Очень не вскоре, спустя годы после кончины бабушки, начала я осознавать, что мир вокруг меня, оказывается, совсем иной, что людей, таких как она, и мира такого, как царил в нашем доме, вокруг меня нет, что все живут и чувствуют, и проявляют себя совсем иначе. Что и сама я совершенно незаметно для себя уже погрузилась в этот, не бабушкин, мир и стала его частицей.

В годы моего детства и юности, прожитые рядом с бабушкой, ничто не подталкивало меня к тому, чтобы относиться к окружающему с приглядом, испытанием и недоверием, чтобы искать в нем скрытые подтексты, изведывать подлинные сущности, как вещей, так и людей, давать всему осмысленные оценки и анализировать, анализировать, анализировать… 

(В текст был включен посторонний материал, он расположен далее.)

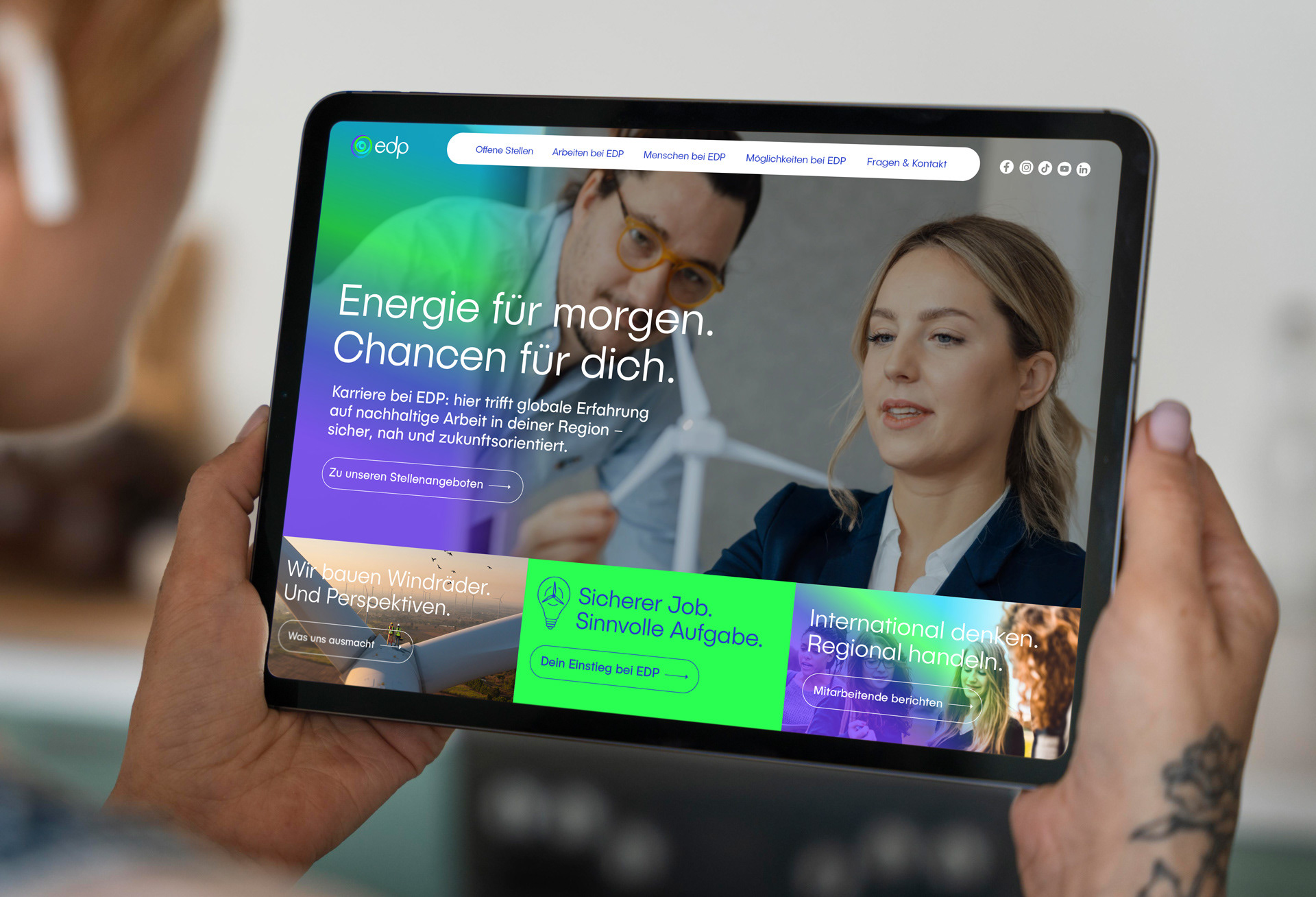 »Choices« bedeutet auch: neue Perspektiven für den Arbeitsmarkt. Um EDP als attraktiven und stabile Arbeitgeber in den Regionen zu positionieren, gilt es, vor allem bei jungen Menschen Vertrauen zu schaffen und ehrlich und glaubwürdig in Ansprache und Auswahl der Kommunikationsmaßnahmen zu sein.
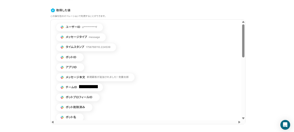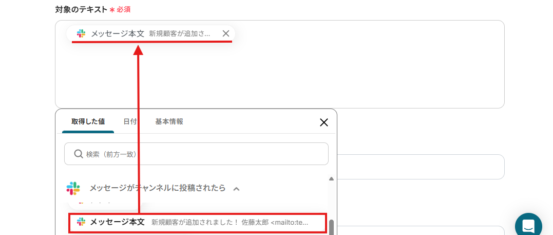 このように取得した値を活用して設定を行うことで、Slackに送信されたメッセージの本文を自動で取得し、抽出対象のテキストとして指定することが可能です。
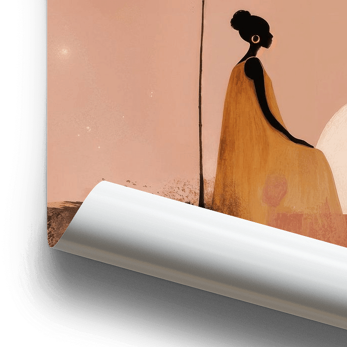 Een minimalistisch maar warm portret van een vrouw onder een tropische boom, terwijl de zon langzaam zakt aan de horizon. De zachte aardetinten en het silhouet geven het werk een serene, meditatieve uitstraling. Perfect voor interieurs die rust, warmte en een vleugje exotische sfeer willen toevoegen.
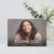 Dieser Abschluss Dankeschön-Karte verfügt über ein modernes minimales Design mit einem horizontalen Foto, das die Vorderseite der Karte ausfüllt. Der weiße Text überlagert das Ende des Fotos. Benutzerdefinierter Text auf der Rückseite, können Sie eine persönliche Danksagung hinzufügen.
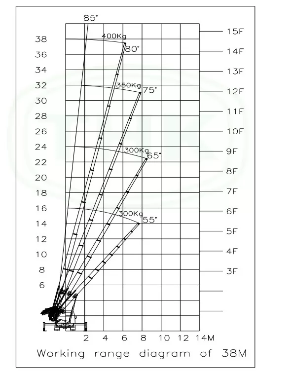 | Робочий діапазон | Робоча висота / радіус, кг/м, ° |
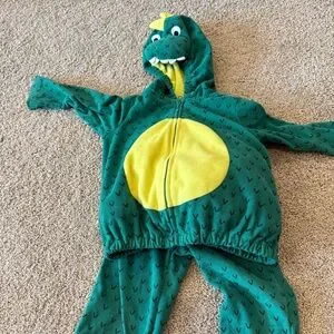 Charming dinosaur costume in green with a yellow accent. Ideal for fun dress-up. Size 24m. In EUC. Buy as is.

В нашей семье никто - не в лицо, не заочно не разбирал людей: этот, мол, таковой, а тот – сяковой. Разве что, мать моя, человек задорный, особенно в молодости и особенно после фронта, могла еще сказануть, но это случалось очень редко и всегда весело, а, значит, не зло. Тогда в доме последних потомков Жуковских еще держался старый, добрый и неотменный порядок, который и без высокого богословия можно было определить очень просто, как заведомо доброе и доверчивое расположение к людям. И для человека, выросшего в этой среде, эти отношения с миром, конечно, тоже были единственно возможными, естественными, как воздух, как родная речь, звучавшая вокруг.

…В старину сказали бы: это не учтивое поведение, то есть, тут не почитается (не бережется) честь  ближнего, как того всегда требовала от нас христианская этика и старинное христианское воспитание. Оно, между прочим, заботилось о том, чтобы приучить детей говорить внятно и понятно, выказывая тем уважение слушающему тебя человеку. Не любили шептунов. Таковых даже государи осаживали. Во всем – куда не глянь, чувствовалось присутствие христианской меры, взгляда и навыка. А он заключался в том, чтобы во всем была забота о другом, о ближнем, чтобы ему было хорошо и удобно. А себя ставили на второе место – ближнему в услужение… И это действительно было – у кого осознанно, по глубокой и внятной вере, а у кого - в привычке, на уровне наследственного инстинкта. Иначе сказать – «сигнальной наследственности».

Вот говорили у нас деткам, если уж очень расшалятся: вот я тебя отдую! Понятно, что речь шла о возможном применении к шалуну силы. Но почему «отдую»? У Даля «отдуть» - это прежде всего сдувать, или оживлять дыханием, согревать, дыша… Отдували еще и порчу, сглаз, напуск; у плотников отдувались, бывало, доски – то есть, вспучивались. Но вот и наше словоупотребление у Даля, наконец, встречается: «отдуть на обе корки» . Выпороть, значит… Но причем же здесь дутье? Где корневая, глубинная связь? И впрямь не из старинного ли, духовного начала брало это слово свой исток: отдуешься своими боками за что-то, переможешься и смиришься и, глядишь, ушла от тебя та самая порча или напуск.
А еще говорили: «не куксись!» , «не разоряйся», которое у нас всегда употреблялось именно с нравственным оттенком в ответ на потоки многоречия, пылкие словесные излияния, инсинуации, обычно, в свое оправдание и кому-то, напротив, в обвинение. Так мягко и нечувствительно обличалось поведение, разоряющее не что-нибудь и кого-нибудь, а собственную душу «протестующего» человека .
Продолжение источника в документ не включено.